Instance 1 â?? kernel 6.18.8, pool 14 (cpus=3):

[ 62.712760] workqueue rcu_gp: flags=0x108
[ 62.717801] pwq 14: cpus=3 node=0 flags=0x0 nice=0 active=2 refcnt=3
[ 62.717801] pending: 2*process_srcu

[ 187.735092] workqueue rcu_gp: flags=0x108 (125 seconds later)
[ 187.735093] pwq 14: cpus=3 node=0 flags=0x0 nice=0 active=2 refcnt=3
[ 187.735093] pending: 2*process_srcu (still pending)

9 consecutive dumps from t=62s to t=312s â?? process_srcu never runs.

Instance 2 â?? kernel 6.18.2, pool 22 (cpus=5):

[ 93.280711] workqueue rcu_gp: flags=0x108
[ 93.280713] pwq 22: cpus=5 node=0 flags=0x0 nice=0 active=1 refcnt=2
[ 93.280716] pending: process_srcu

[ 309.040801] workqueue rcu_gp: flags=0x108 (216 seconds later)
[ 309.040806] pwq 22: cpus=5 node=0 flags=0x0 nice=0 active=1 refcnt=2
[ 309.040806] pending: process_srcu (still pending)

8 consecutive dumps from t=93s to t=341s â?? process_srcu never runs.

In both cases, rcu_gp's process_srcu is bound to the SAME per-CPU pool
where the kvm-irqfd-cleanup workers are blocked. Both pools have idle
workers but are marked as hung/stalled:

Instance 1: pool 14: cpus=3 hung=174s workers=11 idle: 4046 4038 4045 4039 4043 156 77 (7 idle)
Instance 2: pool 22: cpus=5 hung=297s workers=12 idle: 4242 51 4248 4247 4245 435 4244 4239 (8 idle)

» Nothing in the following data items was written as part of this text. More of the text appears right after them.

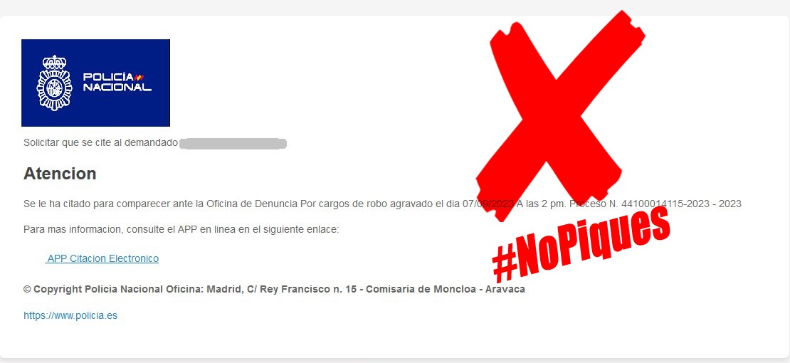 La Unidad Central de Ciberdelincuencia de la Policía Nacional tiene, entre otros objetivos, evitar la propagación, difusión e infección de equipos TIC con software malicioso. Enmarcada en esa función, los ciberagentes han detectado el envío de correos electrónicos haciéndose pasar por la Policía Nacional. En el email, los cibercriminales citan a las víctimas para comparecer supuestamente ante la Oficina de Denuncias por “cargos de robo agravado”.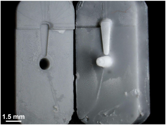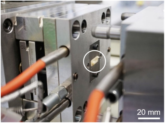 Micro injection molding (µIM) investigations were performed using a machine of type formicaPlast (Klöckner DESMA Elastomertechnik GmbH, Achim, Germany), modified as shown previously [29] and featuring an injection piston with a diameter of 3 mm. For µIM, a 3D-printed mold was inserted in the µIM machine using customized metallic housing as shown in Figure 5. Each mold was used only once for µIM. The µIM process was performed at a mold temperature of 160 °C and an injection flow rate of 4.2 mm3/s. The mold temperature of 160 °C was necessary for the heat-driven curing process of the used silicone elastomer. The shot weight (inclusive sprue) was 8.2 mm3. No extra holding pressure was applied. After injection of the prepared mixture of the silicone elastomer DEX mixture, there was a crosslinking time of 120 s.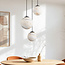 Marbelle is een elegante hanglamp met drie marmerlook glazen bollen in verschillende formaten. De combinatie van een ronde zwarte plafondplaat met de natuurlijke marmerlook bollen zorgt voor een luxe en sfeervolle uitstraling. De glazen bollen (2× Ø20 cm en 1× Ø25 cm) hangen speels onder elkaar, waardoor deze lamp werkt als blikvanger in een hal, hoek van de woonkamer of boven een bijzettafel.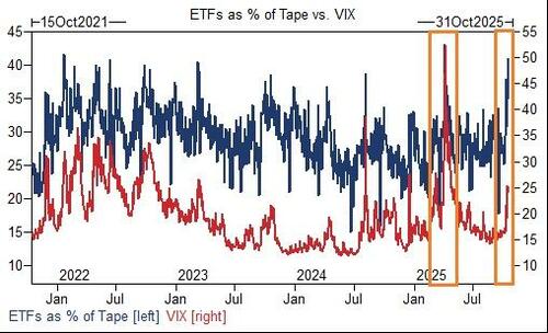 ETF volumes have exceeded 30% of the tape for 6 straight sessions, a streak which last occurred in April.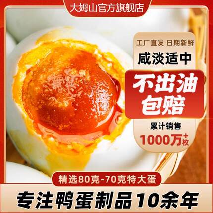 大姆山海鸭蛋咸鸭蛋正宗流油整箱70克20枚熟特大新鲜咸鸭蛋旗舰店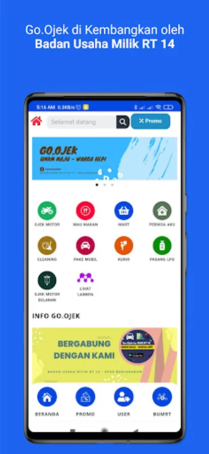 Go.Ojek by BUM RT14 di kelola oleh IT Badan Usaha Milik RT 14. Aplikasi ini memungkinkan Warga Desa Banjararum pada umumnya dan Perum Banjararum Asri, Estate dan View RW XI serta sekitarnya untuk memanfaatkan aplikasi ini. Berbagai fasilitas seperti Ojek Motor, Kurir Cepat, Bersih Rumah, Cek Kesehatan di rumah, Antar LPG, Ojek Motor Bulanan, Toko, Belikan Makan, dan lain lain. Aplikasi ini dibangun untuk pemberdayaan UMKM yang berada di Desa Banjararum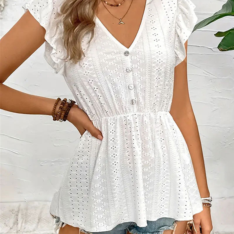 Ins عبر الحدود التجارة الخارجية محبوك الجاكار الجوف مطاطا الدانتيل منظور لوتس ليف تحلق كم أعلى المرأة تي شيرت المرأة الربيع
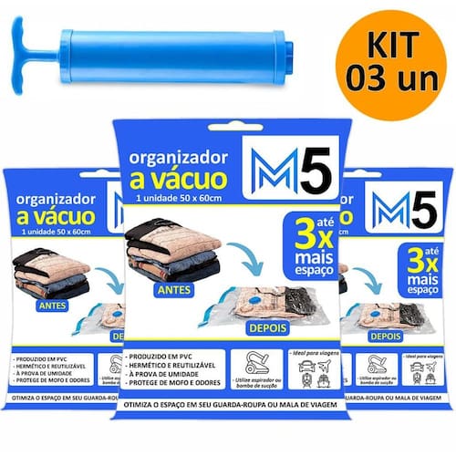 Kit 3 Saco a Vácuo 50x60cm Organizador Hermético para Mala de Viagem Guarda Roupa + Bomba Lançamento 2025 - Kit 3 Sacos a Vácuo Hermético 50x60cm Edredom Toalhas Roupas + Bomba Rosqueável - Material: PP, PE - Cor: Transparente - Tipo de Embalagem: Saco Plástico com Suporte - Marca: M5 Armarinhos - Espessura: 0,2mm - Contém: 3 unidades + 1 Bomba de Sucção Principais Características: - Reduz o volume, aumenta o espaço de armazenamento. - Reutilizável. - Hermético. - Impermeável. - Comprime. - Protege. - Organiza. - Super útil Para: Roupas, Toalhas, Almofadas, Cobertor e etc.. Instruções de uso: - Verifique o tamanho do saco a vácuo que necessita. - Coloque suas roupas volumosas, almofadas, etc... - Feche, deslizando o zíper. Verifique se estar bem fechado para garantir o resultado. - Encaixe o aspirador ou bomba de sucção do bocal do saco do vácuo. - Ligue o aspirador de pó, ele sugara o ar de dentro do saco, comprimindo o conteúdo. - Retire o aspirador de pó ou bomba e feche a tampa corretamente. - Reduz o espaço no seu guarda-roupa. Atenção: - As peças devem estar completamente limpa e secas. - Não guarde objetos pontiagudos, cortantes ou com arestas. - Não guarde couro. Cuidados: - Guarde em local seco, fresco, longe de umidade e ao abrigo do sol. - Mantenha longe de objetos pontiagudos, cortantes ou quentes. - Para evitar sufocamento, manter o saco plástico longe de crianças e bebês. Não usar este saco plástico em berços, camas, carrinhos e cercados. - Guarde estas instruções para futuras consultas. - Manter fora do alcance das crianças. : Marca: Não Informado Ean: 7894017025919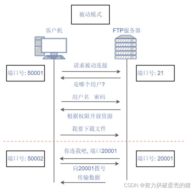被动模式传送数据是“客户端”连接到“服务器”的端口(服务端开启数据端口)。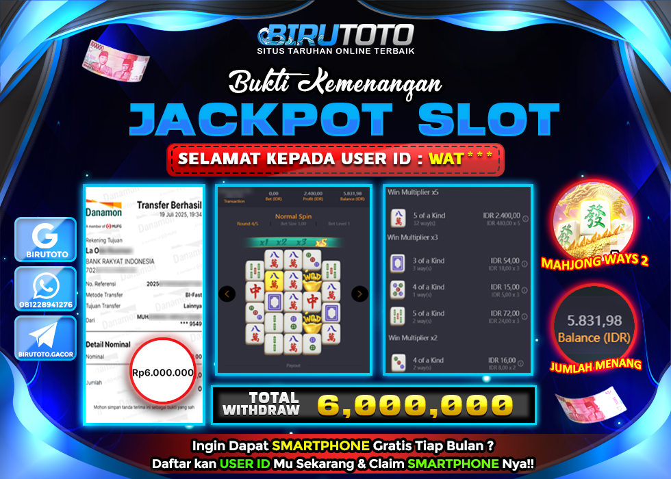 BIRUTOTO JACKPOT SLOT MAHJONG WAYS 2 Rp.6.000.000 LUNAS

> 2) How many irqfd workers are active in the reported scenario, and
> can they saturate CPU or worker pools?

4 kvm-irqfd-cleanup workers in both instances, consistently across all
dumps:

Instance 1 ( pool 14 / cpus=3):

[ 62.831877] workqueue kvm-irqfd-cleanup: flags=0x0
[ 62.837838] pwq 14: cpus=3 node=0 flags=0x0 nice=0 active=4 refcnt=5
[ 62.837838] in-flight: 157:irqfd_shutdown ,4044:irqfd_shutdown ,
102:irqfd_shutdown ,39:irqfd_shutdown

Instance 2 ( pool 22 / cpus=5):

[ 93.280894] workqueue kvm-irqfd-cleanup: flags=0x0
[ 93.280896] pwq 22: cpus=5 node=0 flags=0x0 nice=0 active=4 refcnt=5
[ 93.280900] in-flight: 151:irqfd_shutdown ,4246:irqfd_shutdown ,
4241:irqfd_shutdown ,4243:irqfd_shutdown

These are from crosvm instances with multiple virtio devices
(virtio-blk, virtio-net, virtio-input, etc.), each registering an irqfd
with a resampler. During VM shutdown, all irqfds are detached
concurrently, queueing that many irqfd_shutdown work items.

The 4 workers are not saturating CPU â?? they're all in D state. But they
ARE all bound to the same per-CPU pool as rcu_gp's process_srcu work.

> 3) Do we have a concrete wait-for cycle showing that tasks blocked
> on resampler_lock are in turn preventing SRCU GP completion?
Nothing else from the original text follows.